6. Scope, limitations, and continuing relevance

The literature also identifies clear boundaries to what TID2013 measures. The reference set is small by modern deep-learning standards, and one NIMA study explicitly calls it a relatively small dataset. Its images are predominantly traditional Kodak scenes with artificially applied distortions rather than large-scale in-the-wild imagery, and the absence of full rating histograms means that methods aiming to predict score distributions must reconstruct them indirectly from mean and standard deviation (Talebi et al., 2017).

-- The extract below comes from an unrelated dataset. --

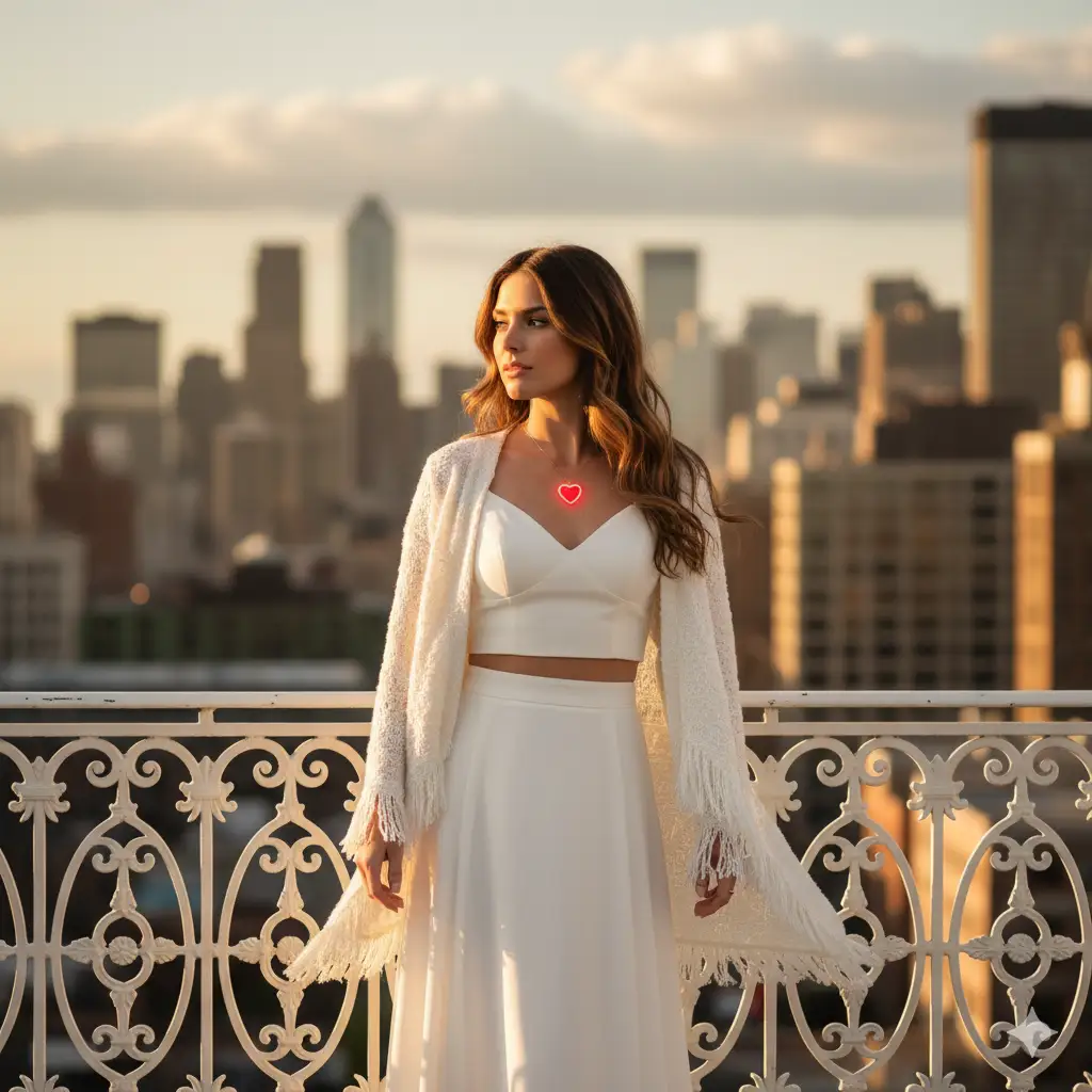 Create a chic urban rooftop portrait of a woman standing confidently against an ornate white railing with a softly blurred city skyline in the background. She wears a stylish white outfit — a fitted crop top paired with a high-waisted skirt and a textured fringed cardigan that adds movement and softness to the composition. Her long, wavy hair cascades over her shoulders, and a delicate red heart-shaped pendant adds a striking contrast to her monochrome look. The lighting is warm and natural, highlighting her features and giving the image a refined, modern elegance. The mood is poised, cinematic, and fashion-forward.

The distortions are controlled and diverse, but they are still distortion-oriented. One perceptual-alignment study notes that TID2013 is centered on well-controlled low-level or mid-level degradations such as noise, compression artifacts, blur, and color distortions; it therefore emphasizes low-level perceptual similarity rather than high-level semantic alignment. The same study also notes limitations associated with any MOS-based dataset: observer variability, scale interpretation, and the fact that the benchmark reflects still-image perception under laboratory conditions rather than dynamic or task-dependent visual judgment (Hernández-Cámara et al., 13 Aug 2025).

Cross-dataset generalization results reinforce those limits. NIMA reports that models trained solely on TID2013 do not generalize well to AVA, with LCC around kk8 and SRCC around kk9, while AVA-trained models transfer better to TID2013 and LIVE (Talebi et al., 2017). A plausible implication is that TID2013 is strongest as a controlled benchmark for distortion-based quality and perceptual alignment, not as a complete surrogate for general visual preference or semantic image understanding.

Its continuing relevance follows from that specialization. Across the cited literature, TID2013 remains one of the classical IQA datasets alongside LIVE, CSIQ, KADID, and related benchmarks, but it is distinguished by the combination of 24 distortion types and 5 levels per distortion. That combination makes it valuable for controlled comparison of IQA models, pooling strategies, contrast-specific metrics, ranking-based pre-training schemes, and zero-shot perceptual alignment analyses, while also making clear that broader evaluation requires complementary datasets (Hernández-Cámara et al., 13 Aug 2025).